The silence regained its grip on the two of us. Slowly but surely, I was starting to understand the man more, in a general sense. His personality was more alien to me than anyone I’d ever met, so I could very well just be reading him wrong, but I think I had the outline of it.
He wanted to protect. For what reason past his own self-preservation, I couldn’t say. Though he was willing to go so far as to kill a possible threat, regardless of whose side they were on, or if they had a side at all.
But in a way, he seemed like a scared child. Gifted with clear intellect and cunning, enough to create a high sensitivity thing that was able to use to detect my soul from over an ocean or two away. But stuck fighting against the world, against endless possibilities.
I was glad I didn’t have to live inside the man’s brain.
“Well.” I said casually, “Now that we have contemplated the scary stuff. Have you got any pointers on spiritual pressure and spiritual energy? I want to use spiritual sense.”
“Ooh, spiritual senses, hmm?” The man stood from his spot and tapped his cane against the floor in thought. “Spiritual sense is still a little out of your wheelhouse, but you’re doing a pretty good job at covering your body in spiritual energy. You learn that a year or two into the academy”
“The academy?” I asked, confused.
“Of course. Soul Reapers have to learn about being Soul Reapers somewhere.” Urahara scoffed but returned to thinking. “What you have been doing so far is a good way of using spiritual energy, further adding to your combat abilities and even adding a bit of durability, though your shield is soaking up most of what you’re being given.

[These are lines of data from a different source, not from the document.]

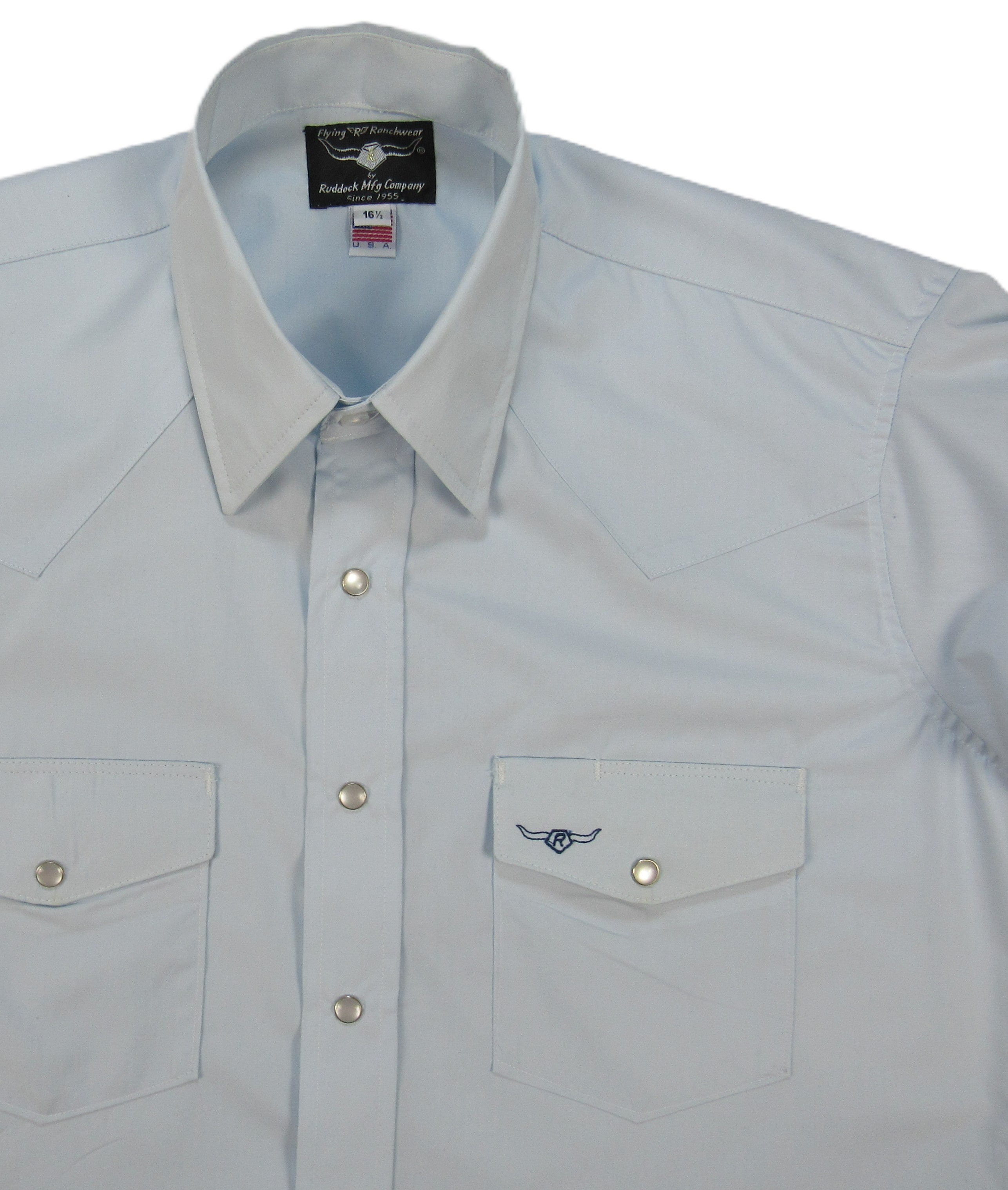 Brisa Solids by Flying R Ranchwear are everything a short sleeve shirt should be. They feature light and airy fabric weighing in at a breezy 3.3 oz. per square yard in cotton rich poplin and all of the American Made western features you would expect; fantastic Flying R Ranchwear fit, western yokes, snaps, and flapped pockets with embroidery. Available 15.5-18.5 and limited tall sizes. Made in USA. 60%Cotton/40% Polyester - Pale Blue
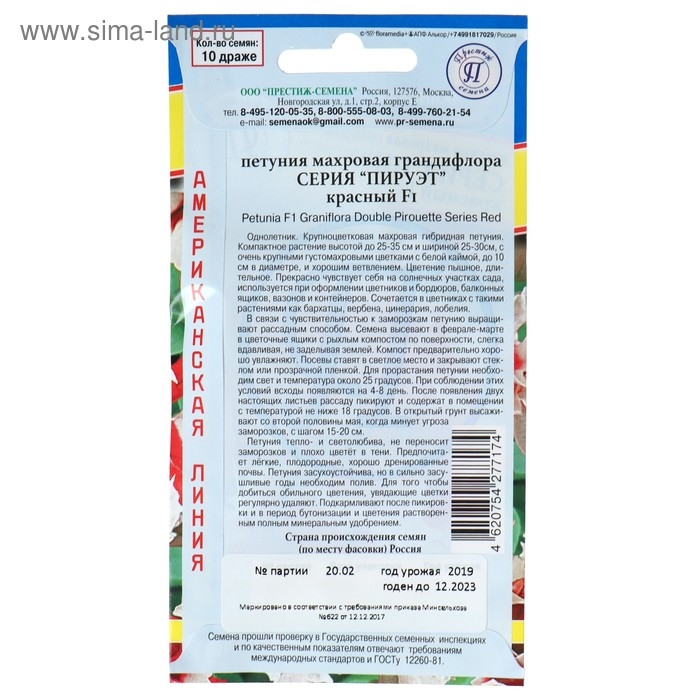 Семена цветов Петуния махровая грандифлора "Пирует" Красный F1, О, драже 5 шт
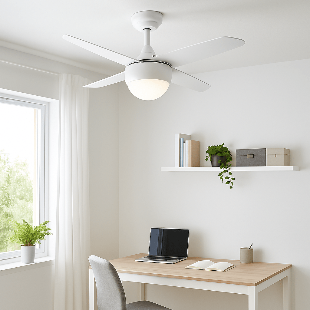 The Matt White Ceiling Fan with Opal Glass Shade blends sleek design with functionality, making it an excellent addition to modern homes. Constructed with durable steel and energy-efficient ABS, it ensures longevity and reliable performance. Ideal for style-conscious homeowners seeking both aesthetics and efficient air circulation, this fan complements any interior decor while enhancing comfort.
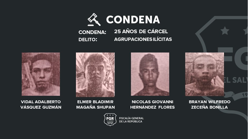 Entre los condenados están: Vidal Adalberto Vásquez Guzmán Elmer Bladimir Magaña Nicolas Geovanni Hernandez Flores Brayan Wilfredo Zeceña Bonilla.
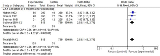 Three studies [,,] measured cessation by patients (n = 1615) at six months after counseling compared to control. The combined studies demonstrated an increase in cessation (OR 2.02; 95% CI 1.49, 2.74, p = 0.76, I2 = 0%) and the group effect was significant (p < 0.00001) (Figure 7). The I2 = 0% and p = 0.76 indicate that heterogeneity may not be important. We conducted a sensitivity analysis temporarily “excluding” Strecher [] because of high risk of attrition bias. I2 remains 0% and the test for overall effect remains strongly positive (p < 0.0001). The results are similar and, therefore, can be considered robust.
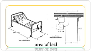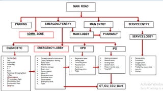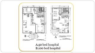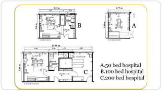 This document outlines the layout plan and design considerations for a hospital unit. It discusses the key divisions of a hospital including administration, outpatient care, diagnostic services, inpatient wards, and general services. For each division, it identifies the main components and provides guidance on location and typical space requirements based on hospital size. Zoning principles and types of circulation within the hospital are also covered. Design factors such as flexibility, accessibility, and future expansion are emphasized.
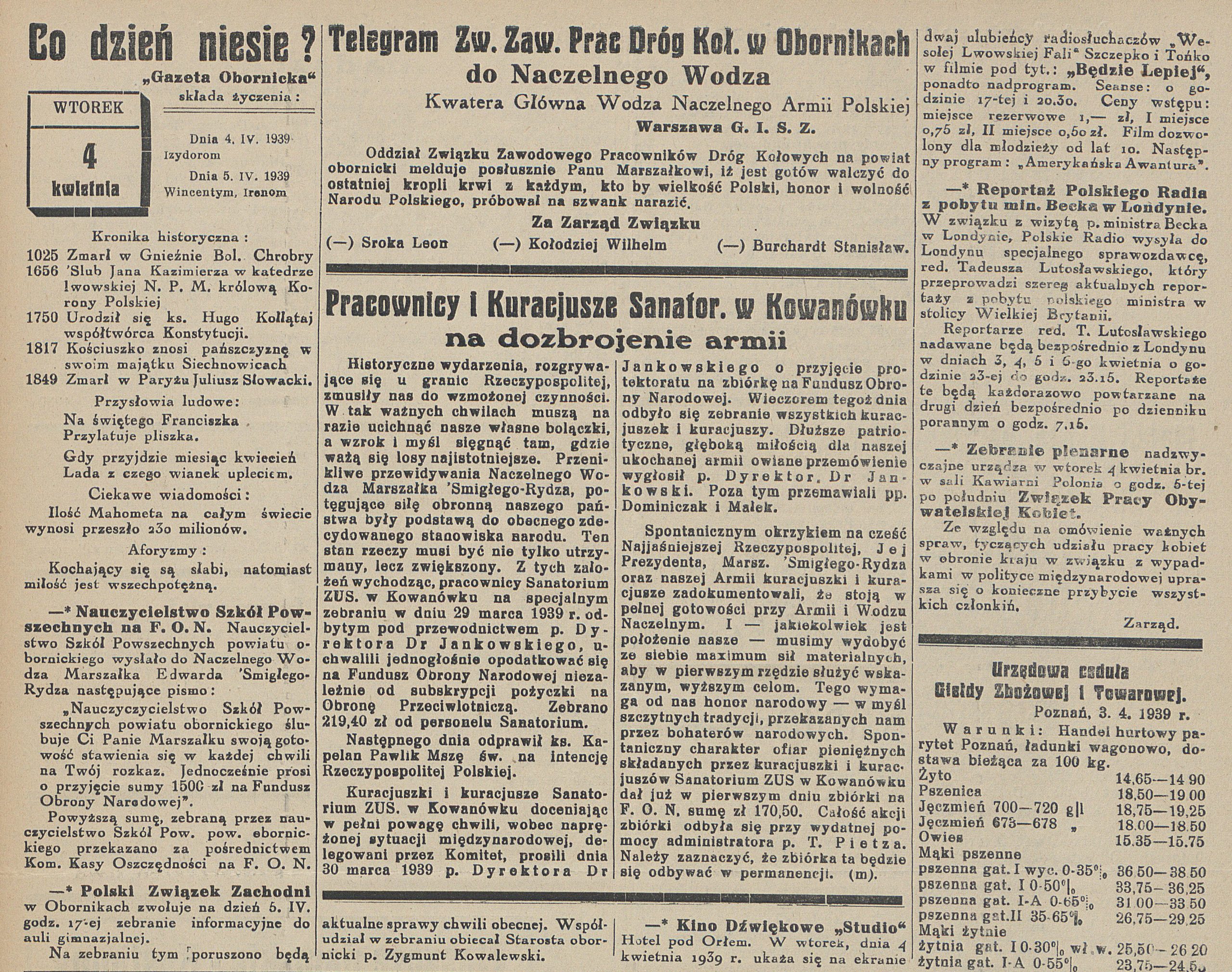 - 4 kwietnia 1938 r. odbyło się Nadzwyczajne Walne zebranie Towarzystwa Powstańców Wielkopolskich. Na zebraniu obecny był delegat zarządu z Poznania.
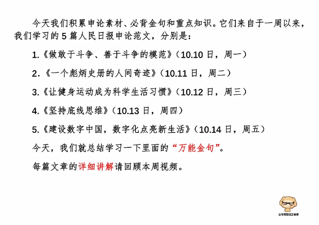 今天我们积累申论素材、必背金句和重点知识。它们来自于一周以来,我们学习的5篇人民日报申论范文,分别是:
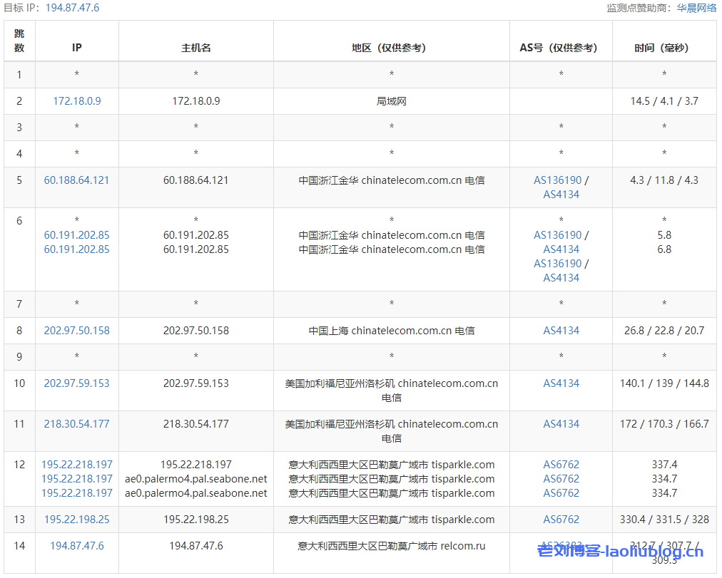 回程路由追踪测试
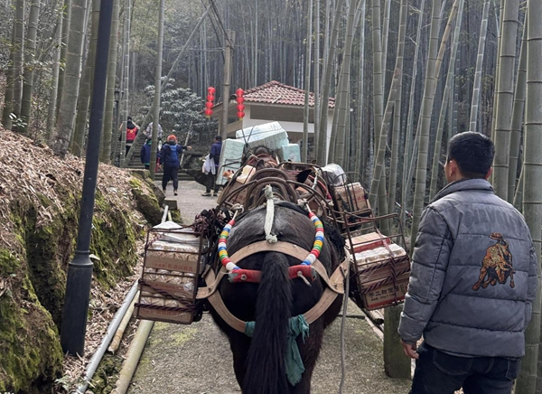 Starting from Shuangye village in Xialyu town, Keqiao district, volunteers used three mules to carry soy sauce, rice vinegar, fermented tofu, and other Spring Festival gifts up a steep 1,046-step mountain path. Yejia Mountain rises more than 470 meters above sea level and is home to a small number of elderly residents. The trip was organized by Ji Guomiao, chairman of Zhejiang Songshengyuan Food Co, together with several volunteer teams.

For now, continue what you’ve been doing and try to get your entire body covered, then compress that and add another layer. Soon enough you’ll be punching holes in buildings.” I rose an eyebrow, but the man was already walking away.
“Hey!” I called out, making Kisuke stop for a moment, “Thanks for the tip.” The man lifted his cane and waved it around dismissively before disappearing altogether, the displacement of air not even recognizable from this distance.
I contemplated going back to my room but decided against it. Making myself able to punch through buildings sounded a whole lot cooler.
----------------------------------------
After that, days passed in a blur of strenuous physical training at the hands of Tessai, Kisuke being helpful and properly teaching Suzumi and I spiritual energy manipulation, and Uyu coming to the shop after school to show us how terrifying a little kid with the ability to blast us to outer space could be.
The more that I learnt, fought and accessed my spiritual energy the more I realised just how much fun I was having. There was a constant array of problems being thrown at my brain from every which angle and I had to solve them the best I could.
Things started slowly, with just the running with Tessai and Urahara forcing us to use our spiritual energy under threat of his own spiritual pressure, but after that things only sped up. With the baseline things we had achieved, Suzumi and I were able to evolve our techniques into new avenues.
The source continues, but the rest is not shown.